知行编程网知行编程网  2022-07-06 15:00 知行编程网 隐藏边栏 |   抢沙发  7 
文章评分 0 次,平均分 0.0

180G!中文ELECTRA预训练模型再升级

来自 | 哈工大讯飞联合实验室

在今年3月,哈工大讯飞联合实验室推出了中文ELECTRA预训练模型,并将相关资源进行开源,目前在GitHub上已获得580个star。本次更新中,我们将预训练语料从原有的约20G提升至180G,利用接近9倍大小的数据集。在阅读理解、自然语言推断、句对分类等中文自然语言处理任务中,ELECTRA-180G相比原版ELECTRA获得了显著性能提升。欢迎各位读者下载试用相关模型。

180G!中文ELECTRA预训练模型再升级
项目地址:http://github.com/ymcui/Chinese-ELECTRA

   ELECTRA简介

ELECTRA提出了一套新的预训练框架,其中包含两个部分:Generator和Discriminator。
  • Generator: 一个小的MLM,在[MASK]的位置预测原来的词。

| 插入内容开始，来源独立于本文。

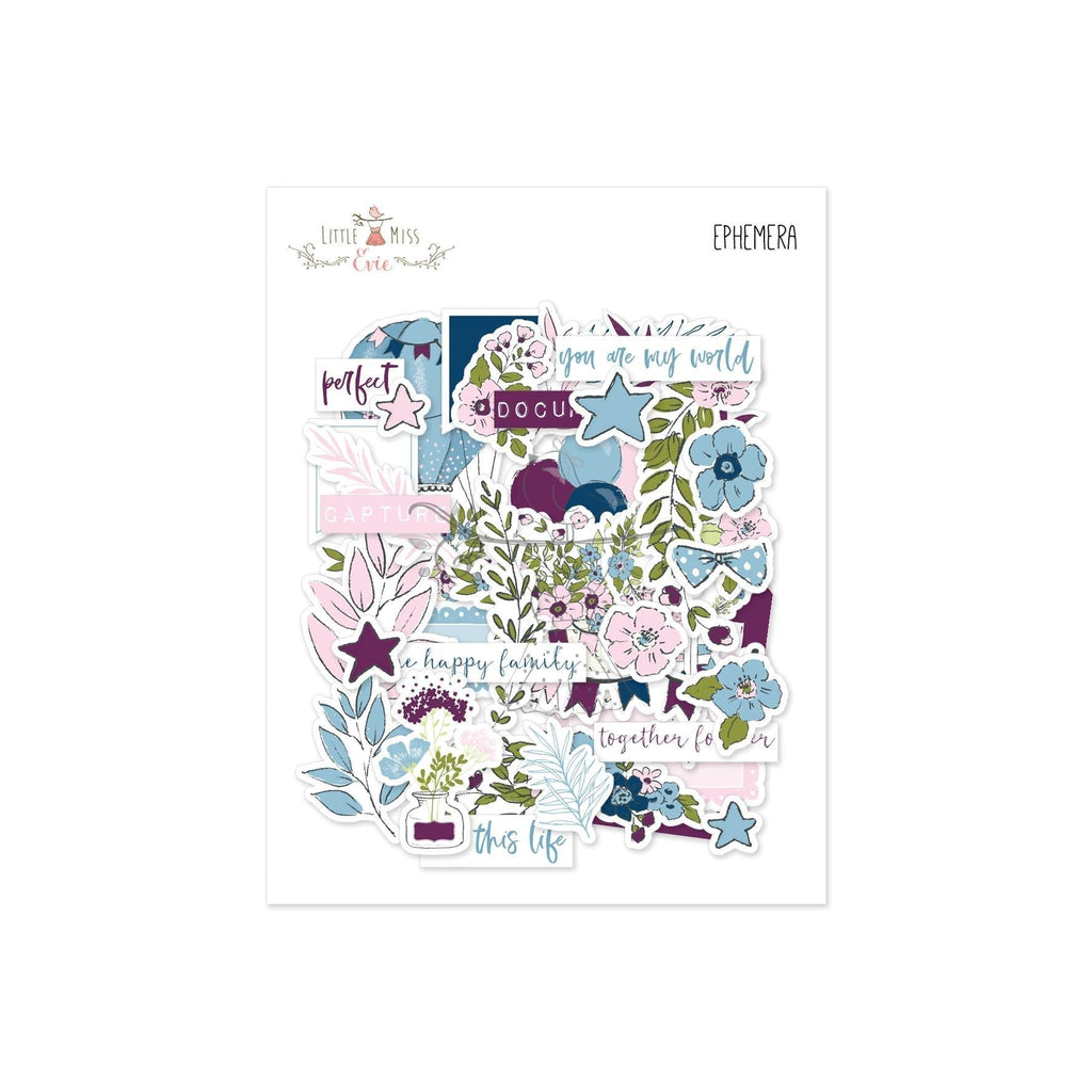 Ephemera, or die-cuts, are high-quality printed shapes, words, or icons on sturdy white paper.

Generator将用来把输入文本做部分词的替换。
  • Discriminator: 判断输入句子中的每个词是否被替换,即使用Replaced Token Detection (RTD)预训练任务,取代了BERT原始的Masked Language Model (MLM)。需要注意的是这里并没有使用Next Sentence Prediction (NSP)任务。
在预训练阶段结束之后,我们只使用Discriminator作为下游任务精调的基模型。
180G!中文ELECTRA预训练模型再升级
更详细的技术内容请查阅ELECTRA论文:ELECTRA: Pre-training Text Encoders as Discriminators Rather Than Generators(https://openreview.net/pdf?id=r1xMH1BtvB
同时,也可通过阅读我们的讲义《Revisiting Pre-trained Models for Chinese Natural Language Processing》了解更多预训练语言模型相关前沿进展(后台回复NLPCC2020即可下载)。

   中文ELECTRA

除了使用与RoBERTa-wwm-ext系列模型一致的扩展训练数据(约20G)之外,我们从CommonCrawl中获取了更大规模中文文本数据,并经过数据清洗等操作,进一步将预训练语料规模扩充到180G。本次发布以下四个模型:
  • ELECTRA-180g-large, Chinese: 24-layer, 1024-hidden, 16-heads, 324M parameters

  • ELECTRA-180g-base, Chinese: 12-layer, 768-hidden, 12-heads, 102M parameters

  • ELECTRA-180g-small-ex, Chinese: 24-layer, 256-hidden, 4-heads, 25M parameters

  • ELECTRA-180g-small, Chinese: 12-layer, 256-hidden, 4-heads, 12M parameters


   快速加载

哈工大讯飞联合实验室发布的所有中文预训练语言模型均可通过huggingface transformers库进行快速加载访问,请登录我们的共享页面获取更多信息。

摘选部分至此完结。